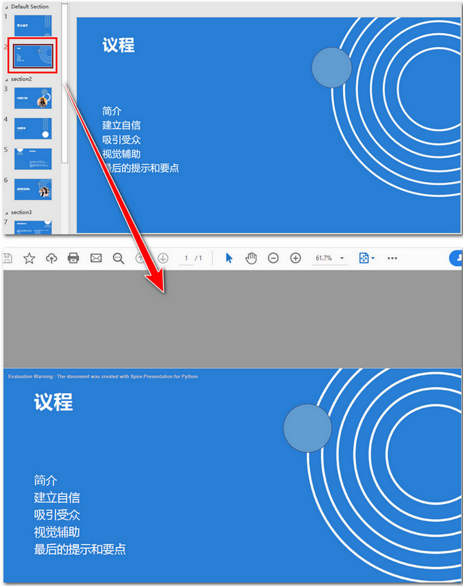 在某些场景下,我们可能只需要将演示文稿中的特定幻灯片转换为 PDF,而不是整个文件。例如,从大型培训材料中提取关键章节,或从销售演示中抽取产品概览部分。Spire.Presentation 允许我们单独选择某张幻灯片并进行转换。
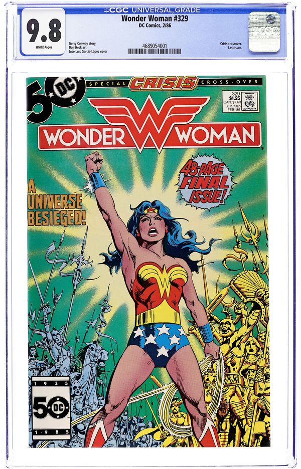 Crisis crossover. Last issue in this series. Cover by Jose Luis Garcia-Lopez. "Of Gods and Men," script by Gerry Conway, art by Don Heck; After meeting with both the Anti-Monitor and Mars, Hades agrees to help his newfound allies against the Olympian gods and Amazons; On Paradise Island, despite Wonder Womans encouragement, Hippolyte sees devastation and refuses to try to continue; But Kore appears to both Amazons and tells them Hades, her husband, has fallen in with the Anti-Monitor, and both of them will find no respite in the underworld; At that point, the dead Amazons are reanimated by Hades, turned into zombies, and sent against Hippolyte, Wonder Woman, and Kore, but Diana defeats them and Kore sends them back to Hadess realm. On Earth, Lauren Haley dies as she falls in a crevasse; Wonder Woman returns to Washington, D.C. and reunites with Steve Trevor; They kiss, embrace, and declare their love for each other, leaving Etta alone with Howard; Howard admits he is in love with Etta, and she says that she has a feeling they will never see Wonder Woman or Steve again; Steve heads for Olympus with Wonder Woman in the Robot Plane; On Olympus, Wonder Woman, Steve, and Hippolytas Amazons face Mars and his zombie legions. 52 pages, Full Color. Cover price $1.25.
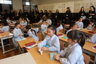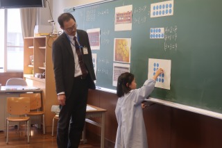 2年生の授業は算数。九九を活用して、魔方陣作りに挑戦したり、身の回りの物の数を工夫して数えたりすることに取り組みました。2年生になって出会うかけ算も、覚えるだけにとどまらず、活用する場面も大切です。試行錯誤しつつも子どもたちが一生懸命考える姿を参観いただけたことと思います。

(TASK DESCRIPTION):
Give every line of the data above again as it stands; the pictures stay out.

(REPLY TO THE EXERCISE):
 在某些场景下,我们可能只需要将演示文稿中的特定幻灯片转换为 PDF,而不是整个文件。例如,从大型培训材料中提取关键章节,或从销售演示中抽取产品概览部分。Spire.Presentation 允许我们单独选择某张幻灯片并进行转换。
 Crisis crossover. Last issue in this series. Cover by Jose Luis Garcia-Lopez. "Of Gods and Men," script by Gerry Conway, art by Don Heck; After meeting with both the Anti-Monitor and Mars, Hades agrees to help his newfound allies against the Olympian gods and Amazons; On Paradise Island, despite Wonder Womans encouragement, Hippolyte sees devastation and refuses to try to continue; But Kore appears to both Amazons and tells them Hades, her husband, has fallen in with the Anti-Monitor, and both of them will find no respite in the underworld; At that point, the dead Amazons are reanimated by Hades, turned into zombies, and sent against Hippolyte, Wonder Woman, and Kore, but Diana defeats them and Kore sends them back to Hadess realm. On Earth, Lauren Haley dies as she falls in a crevasse; Wonder Woman returns to Washington, D.C. and reunites with Steve Trevor; They kiss, embrace, and declare their love for each other, leaving Etta alone with Howard; Howard admits he is in love with Etta, and she says that she has a feeling they will never see Wonder Woman or Steve again; Steve heads for Olympus with Wonder Woman in the Robot Plane; On Olympus, Wonder Woman, Steve, and Hippolytas Amazons face Mars and his zombie legions. 52 pages, Full Color. Cover price $1.25.
 2年生の授業は算数。九九を活用して、魔方陣作りに挑戦したり、身の回りの物の数を工夫して数えたりすることに取り組みました。2年生になって出会うかけ算も、覚えるだけにとどまらず、活用する場面も大切です。試行錯誤しつつも子どもたちが一生懸命考える姿を参観いただけたことと思います。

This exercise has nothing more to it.